*** Block opens ***
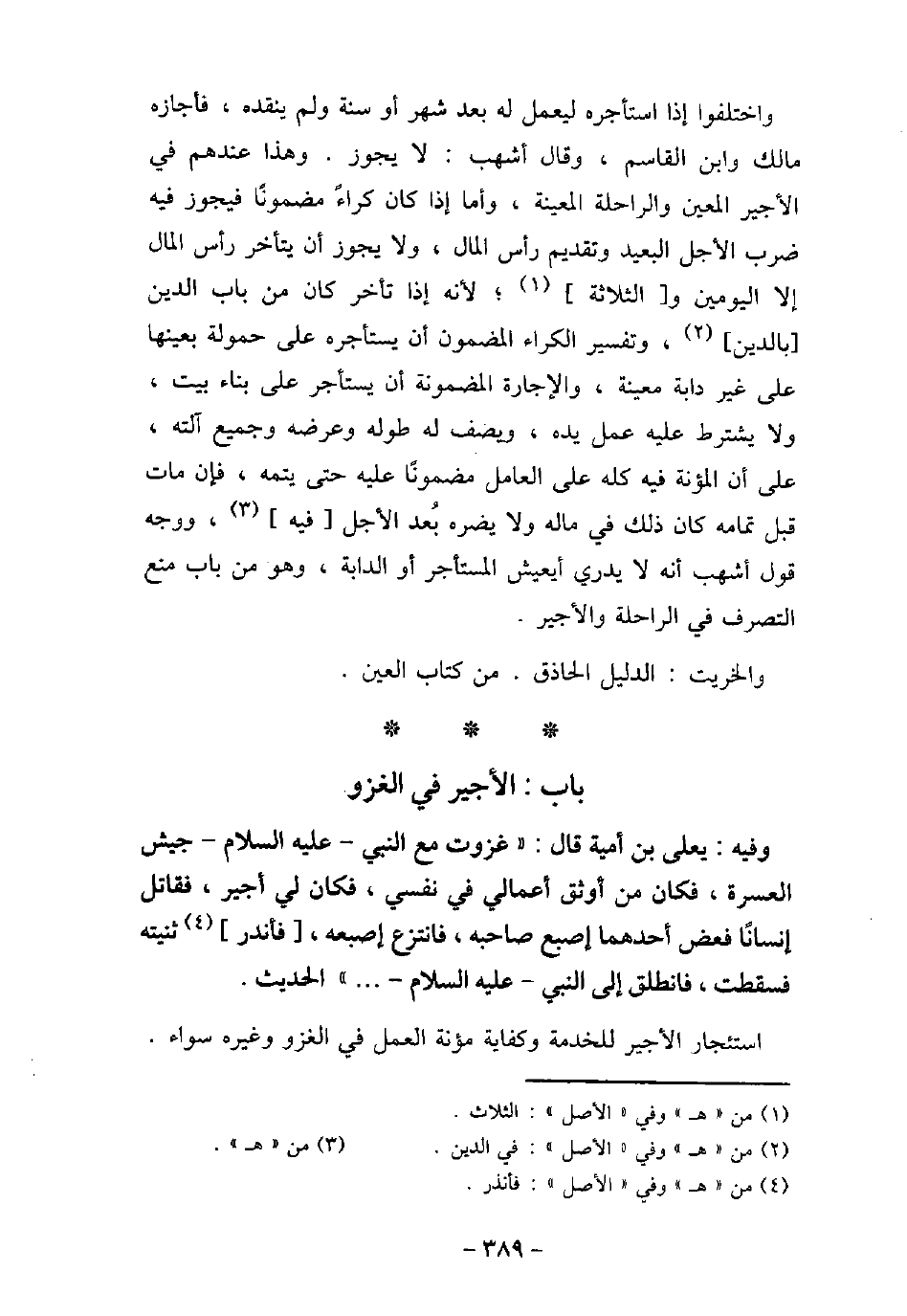 / 6 - وفيه: يَعْلَى بْنِ أُمَيَّةَ، قَالَ: غَزَوْتُ مَعَ النَّبِىِّ، عليه السَّلام، جَيْشَ الْعُسْرَةِ، فَكَانَ مِنْ أَوْثَقِ أَعْمَالِى فِى نَفْسِى، فَكَانَ لِى أَجِيرٌ، فَقَاتَلَ إِنْسَانًا، فَعَضَّ أَحَدُهُمَا إِصْبَعَ صَاحِبِهِ، فَانْتَزَعَ إِصْبَعَهُ، فَأَنْدَرَ ثَنِيَّتَهُ فَسَقَطَتْ، فَانْطَلَقَ إِلَى النَّبِىِّ، عليه السلام. . . الحديث. استئجار الأجير للخدمة وكفاية مؤنة العمل فى الغزو وغيره سواء.
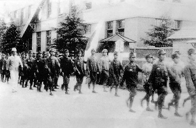 ・隊列を組み、軍歌を歌って工場へ行った。
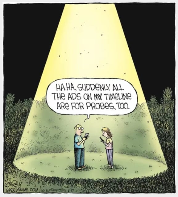 Caught in a tractor beam, one human comments, “Now my ads are all about probes.” Welcome to the terrifyingly hilarious era of hyper-targeted marketing.
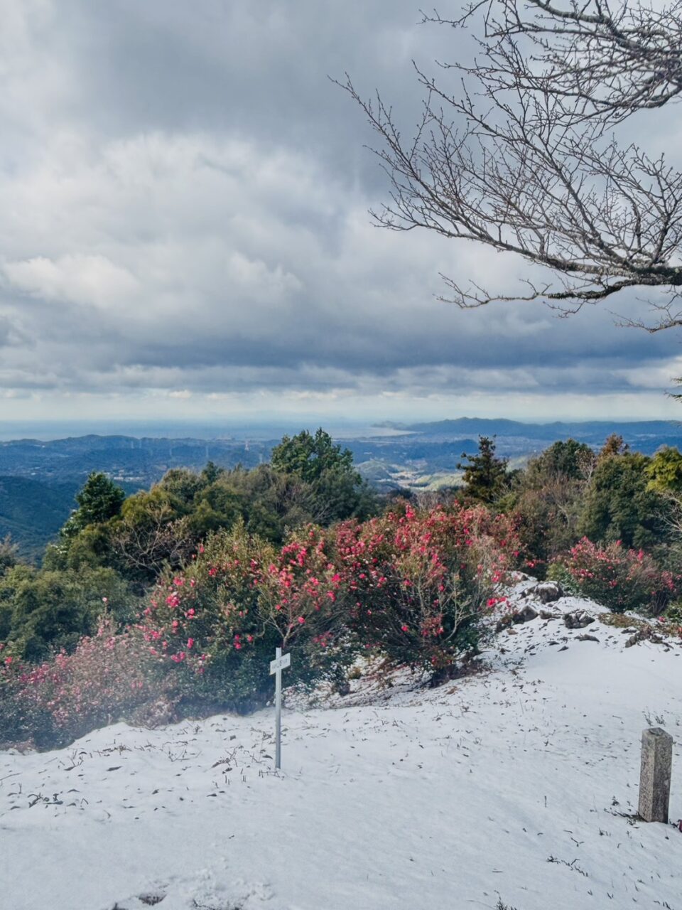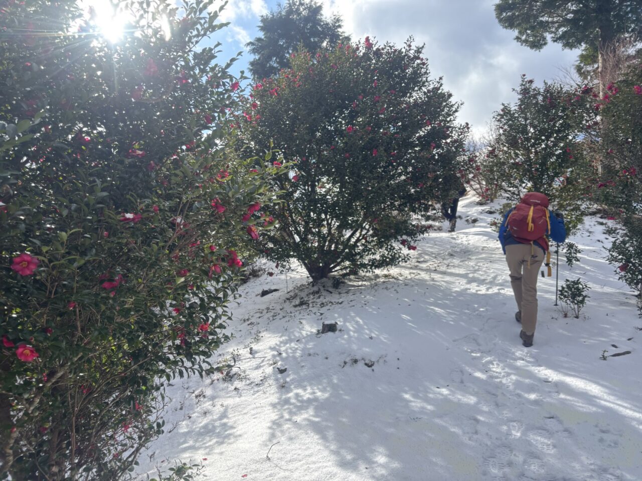 普段は芝で緑色なのに、今日の山頂は真っ白に。そんな中に咲くピンク色のサザンカが華やかに出迎えてくれ、パノラマの山頂の冬景色もとってもきれいでした。Sさんがザックに入っていた水筒から、御神酒を注いで山頂にある祠にお供えを・・・。
*** Block closes ***
=== WHAT YOU SHOULD DO ===
With the pictures removed, set down every line of the listing above exactly.

=== ANSWER TO THIS TASK ===
 / 6 - وفيه: يَعْلَى بْنِ أُمَيَّةَ، قَالَ: غَزَوْتُ مَعَ النَّبِىِّ، عليه السَّلام، جَيْشَ الْعُسْرَةِ، فَكَانَ مِنْ أَوْثَقِ أَعْمَالِى فِى نَفْسِى، فَكَانَ لِى أَجِيرٌ، فَقَاتَلَ إِنْسَانًا، فَعَضَّ أَحَدُهُمَا إِصْبَعَ صَاحِبِهِ، فَانْتَزَعَ إِصْبَعَهُ، فَأَنْدَرَ ثَنِيَّتَهُ فَسَقَطَتْ، فَانْطَلَقَ إِلَى النَّبِىِّ، عليه السلام. . . الحديث. استئجار الأجير للخدمة وكفاية مؤنة العمل فى الغزو وغيره سواء.
 ・隊列を組み、軍歌を歌って工場へ行った。
 Caught in a tractor beam, one human comments, “Now my ads are all about probes.” Welcome to the terrifyingly hilarious era of hyper-targeted marketing.
 普段は芝で緑色なのに、今日の山頂は真っ白に。そんな中に咲くピンク色のサザンカが華やかに出迎えてくれ、パノラマの山頂の冬景色もとってもきれいでした。Sさんがザックに入っていた水筒から、御神酒を注いで山頂にある祠にお供えを・・・。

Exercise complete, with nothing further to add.